Skip the pictures. Output only the lines below starting at the line with "PRODUCT: The Banita" and ending at the line with "Casey 102cm Silver", both ends included, exactly as they are.

• • •

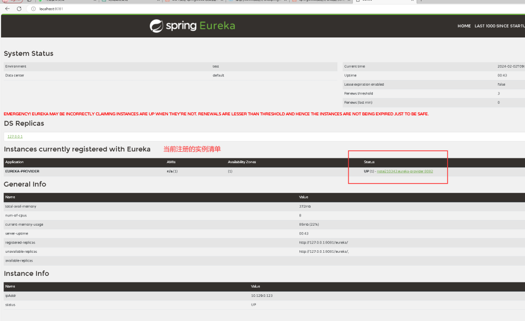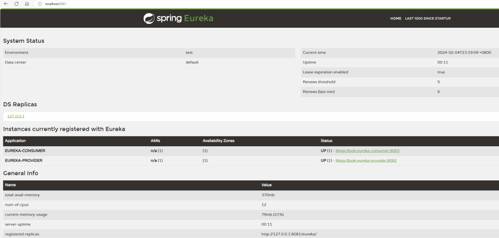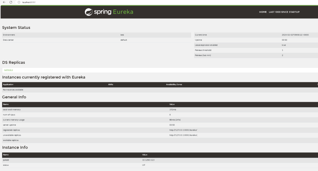 确认控制台正常加载,在控制台上能够看到服务实例的信息,表示Eureka注册中心已成功启动。
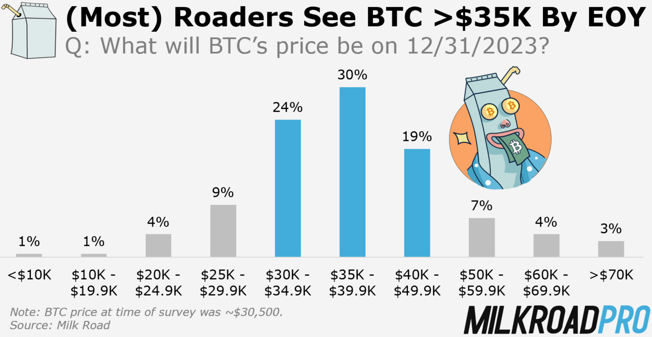 - Most Roaders (72%) think BTC will finish the year between $30K and $50K.
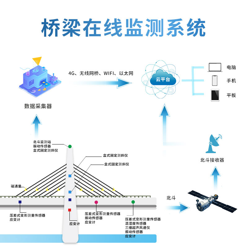 | 索力 | 磁通量传感器/加速度计/锚索计 | 温湿度 | 温湿度传感器 |
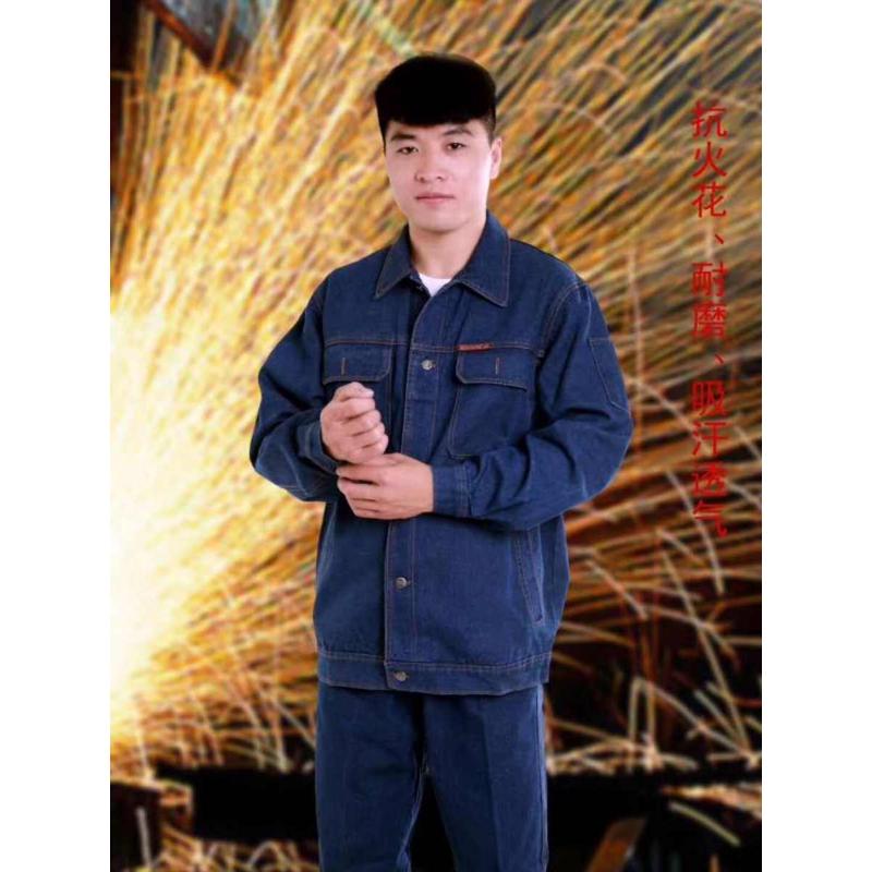 巴特牛仔棉工作服男拉鏈電焊汽修長袖套裝加厚全棉多口袋焊工服
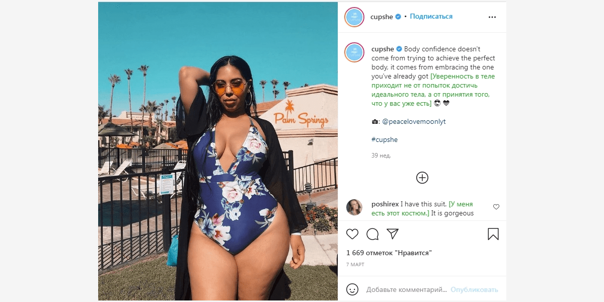 Например. Онлайн-магазин купальников Cupshe прибегает к пользовательскому контенту, чтобы демонстрировать своим клиентам разные стили и размеры. Они отмечают исходную учетную запись, когда делятся фотографией пользователя в одном из своих купальных костюмов.
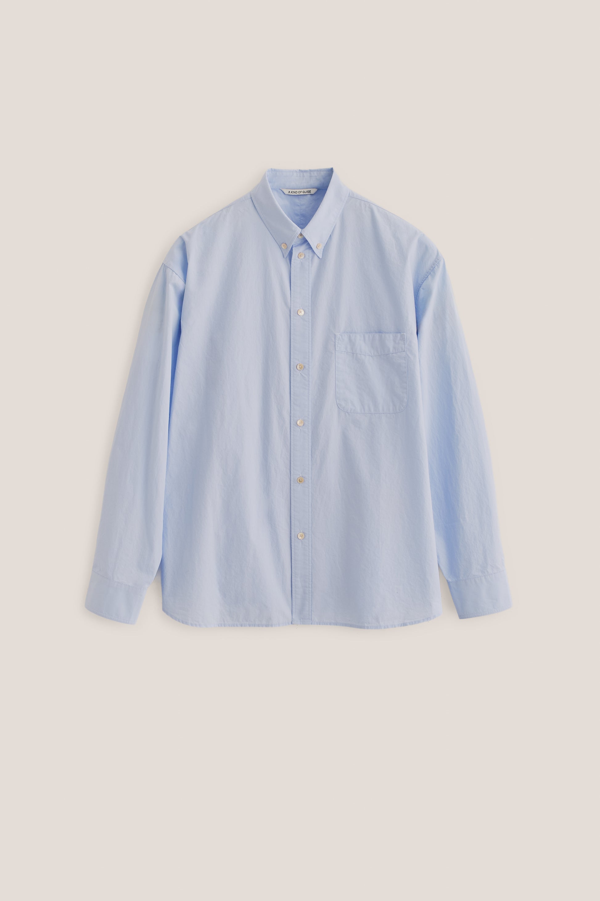 PRODUCT: The Banita Button Down Shirt is an oversized, vintage-inspired button-down featuring a curved hemline, patch pocket, and adjustable cuffs.
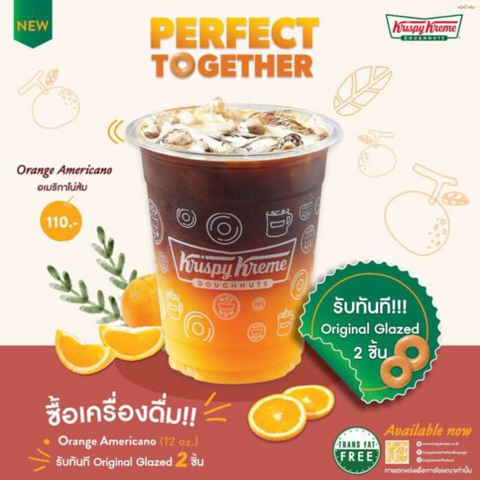 คริสปี้ ครีม ประเทศไทย โดนัทสูตรลิขสิทธิ์อันดับ 1 ที่ครองใจคนทั่วโลก เสิร์ฟความสดชื่นที่จะปลุกคุณให้ตื่นพร้อมเดินทางด้วยโปรโมชั่นสุดพิเศษ “ Perfect Together” การจับคู่ความอร่อยของเครื่องดื่มสุดฮิตกับโดนัทเนื้อนุ่มขวัญใจแฟนคลับ เพียงซื้อ “Orange Americano” ขนาด 12 ออนซ์ จำนวน 1 แก้ว ในราคา 110 บาท รับโดนัทออริจินัล เกลซ 2 ชิ้น ทันที!! ตั้งแต่วันนี้ – 31 ธันวาคม 2565 เฉพาะร้านคริสปี้ ครีม สาขาสนามบินสุวรรณภูมิ และสนามบินดอนเมือง เท่านั้น
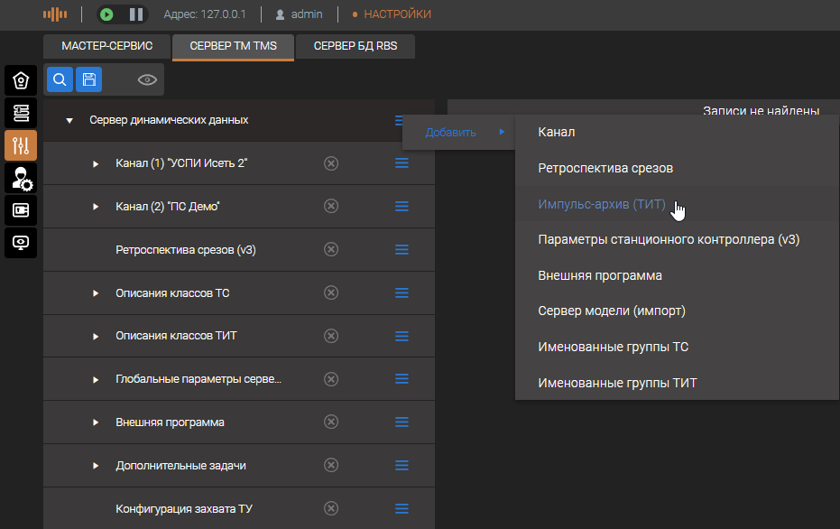Для добавления классов функции импульс-архива, необходимо открыть страницу меню "Настройка" выбрать пункт "Сервер динамических данных" - нажать кнопку - "Добавить" - "Импульс-архив(ТИТ(".
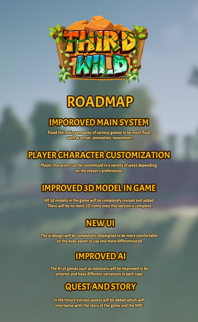 Third Wild vision is to be a game. Online survival with elements inspired by various genres such as sandbox survival MMO-RPG combines these systems such as level system, skill, and physical upgrades of the player character.
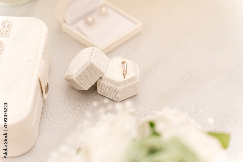 Elegant wedding rings and pearl earrings arranged for a bridal celebration at a stylish venue
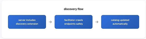 Discovery-Erweiterungen ermöglichen es Diensten, strukturierte Metadaten für die automatische Indizierung verfügbar zu machen.ModeratorEndpunkte, die das x402-Protokoll unterstützen, können gescrapt werden, um einen aktuellen Preiskatalog ohne manuelle Übermittlung zu verwalten.
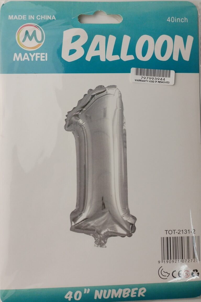 Casey 102cm Silver Balloon Number.1 Retail Packaging No
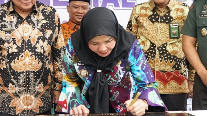 Walikota Bandar Lampung, Hj. Eva Dwiana bersama Wakil Walikota Bandar Lampung Drs. Hi Deddy Amarullah dan Forkopimda Kota Bandar Lampung menekan tombol dan pengguntingan pita tanda diresmikannya JPO Siger Milenial.
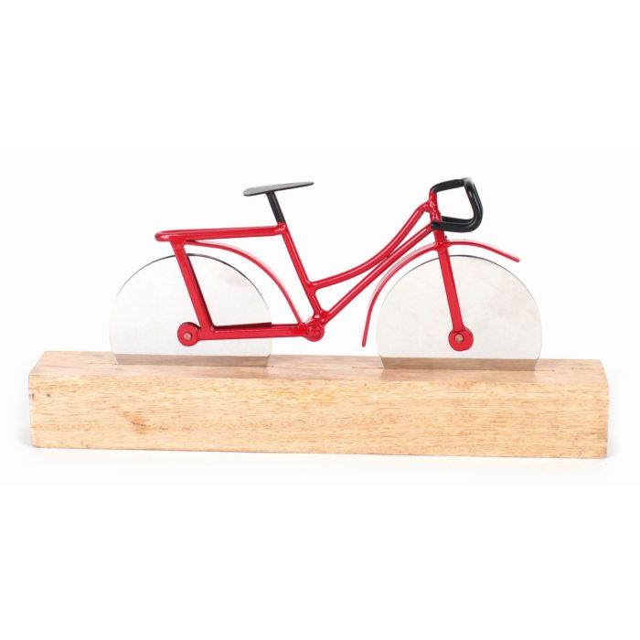 Edelstahl, Mango-Holz, nicht für die Spülmaschine geeignet, rot/schwarz, Fahrrad: 20 x 11 cm, Holzblock: 26 x 3,5 x 3,5 cm

• • •

_Reply:_
 PRODUCT: The Banita Button Down Shirt is an oversized, vintage-inspired button-down featuring a curved hemline, patch pocket, and adjustable cuffs.
 คริสปี้ ครีม ประเทศไทย โดนัทสูตรลิขสิทธิ์อันดับ 1 ที่ครองใจคนทั่วโลก เสิร์ฟความสดชื่นที่จะปลุกคุณให้ตื่นพร้อมเดินทางด้วยโปรโมชั่นสุดพิเศษ “ Perfect Together” การจับคู่ความอร่อยของเครื่องดื่มสุดฮิตกับโดนัทเนื้อนุ่มขวัญใจแฟนคลับ เพียงซื้อ “Orange Americano” ขนาด 12 ออนซ์ จำนวน 1 แก้ว ในราคา 110 บาท รับโดนัทออริจินัล เกลซ 2 ชิ้น ทันที!! ตั้งแต่วันนี้ – 31 ธันวาคม 2565 เฉพาะร้านคริสปี้ ครีม สาขาสนามบินสุวรรณภูมิ และสนามบินดอนเมือง เท่านั้น
Для добавления классов функции импульс-архива, необходимо открыть страницу меню "Настройка" выбрать пункт "Сервер динамических данных" - нажать кнопку - "Добавить" - "Импульс-архив(ТИТ(".
 Third Wild vision is to be a game. Online survival with elements inspired by various genres such as sandbox survival MMO-RPG combines these systems such as level system, skill, and physical upgrades of the player character.
 Elegant wedding rings and pearl earrings arranged for a bridal celebration at a stylish venue
 Discovery-Erweiterungen ermöglichen es Diensten, strukturierte Metadaten für die automatische Indizierung verfügbar zu machen.ModeratorEndpunkte, die das x402-Protokoll unterstützen, können gescrapt werden, um einen aktuellen Preiskatalog ohne manuelle Übermittlung zu verwalten.
 Casey 102cm Silver Balloon Number.1 Retail Packaging No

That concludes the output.